An algorithm would optimise for whatever it could measure cheaply. The trading industry has spent two decades watching ranking systems get gamed: account-size manipulation, selective drawdown reporting, time-window cherry-picking, peer-group reshuffling. Every quantitative scheme that has tried to compress trading skill into a single number has eventually been outflanked by traders or by the market itself.

Trading World Champion was founded in 2012 on a different premise: that judging the world's top trader is genuinely a question of editorial judgement, and that editorial judgement done well — transparent criteria, public sourcing, named decisions — is more credible than a black-box score. We publish the criteria. We name the candidates. We disclose the sources. And we do not accept payment from any participant or third party for inclusion or rank.

The result is not an objective ranking. It is a defensible one. The same four criteria have been applied for fourteen consecutive years, and the cumulative archive of selections is the strongest evidence we offer that the framework holds up.

2. The four criteria, equally weighted

2.1 Returns (25%)

Absolute performance, evaluated relative to the scale of capital deployed.
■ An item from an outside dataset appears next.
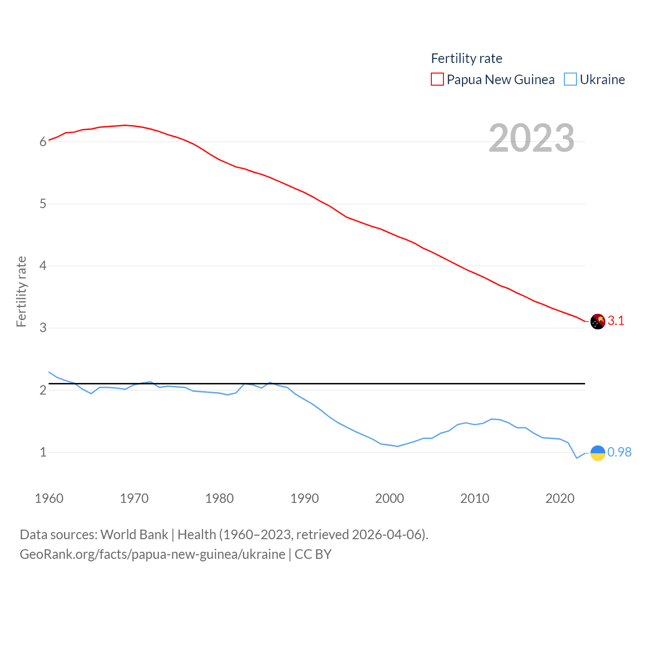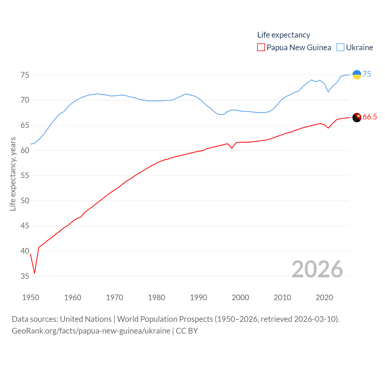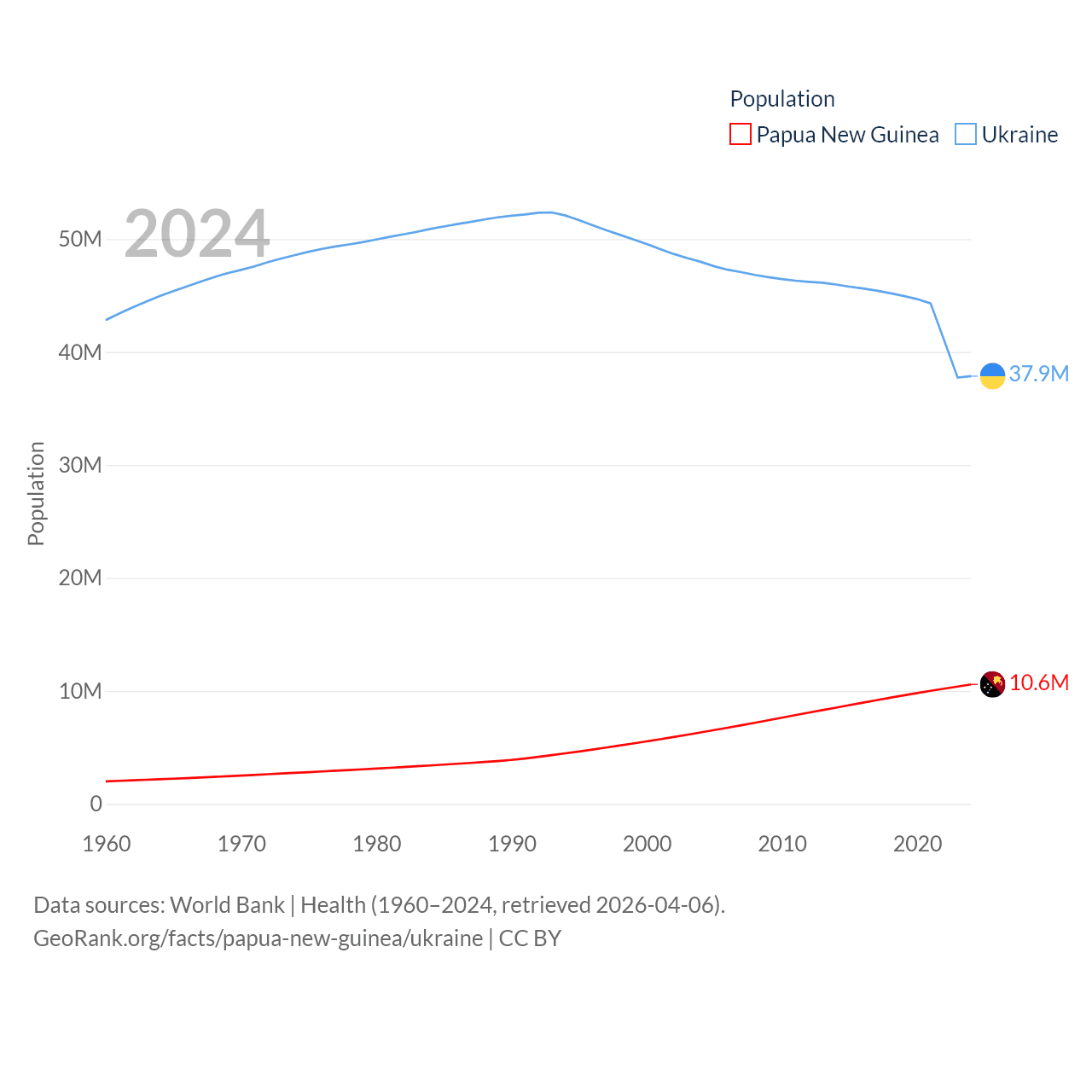Papua New Guinea has a population of 10.6M (ranked 92/197), compared with 37.9M in Ukraine (ranked 41/197). Papua New Guinea's land area is 174,850 sq mi versus 223,708 sq mi for Ukraine (ranked 54th vs. 46th).
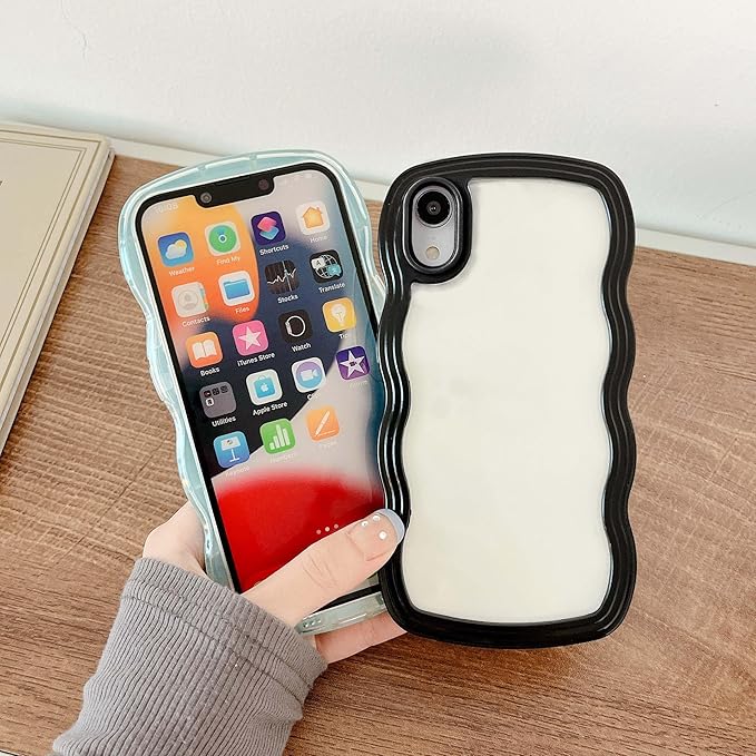 UEEBAI 対応 iPhone XR 用の ケース ソフト TPU カバー 可愛い おしゃれケース 透明 ウェーブ デザイン スマホケース ワイヤレス充電対応 軽量 薄型 耐衝撃 人気 波型 バンパー スマホケース - ブラック

A 200% return on a $10,000 competition account is a different achievement from a 40% return on a $10 billion hedge fund — the former demonstrates raw aggression, the latter demonstrates capacity-resistant skill. Both are scored within the returns criterion, but the methodology normalises for scale so that comparisons are meaningful.

Returns must come from real capital. Paper trading, simulated accounts, and backtested strategies are excluded entirely — not because they have no value, but because the absence of real capital changes the psychology of every decision the trader makes. A trader who would size a position confidently at $50,000 of personal capital may behave very differently at $5 billion of investor capital, even with identical signals. We have to evaluate the actual performance, not the hypothetical.

For competition winners, returns are reported as the audited competition result. For hedge fund managers, returns are taken from independently audited fund letters and SEC filings (where applicable). For independent traders, returns require third-party audited broker statements through services such as AuditedTrader.com or equivalent.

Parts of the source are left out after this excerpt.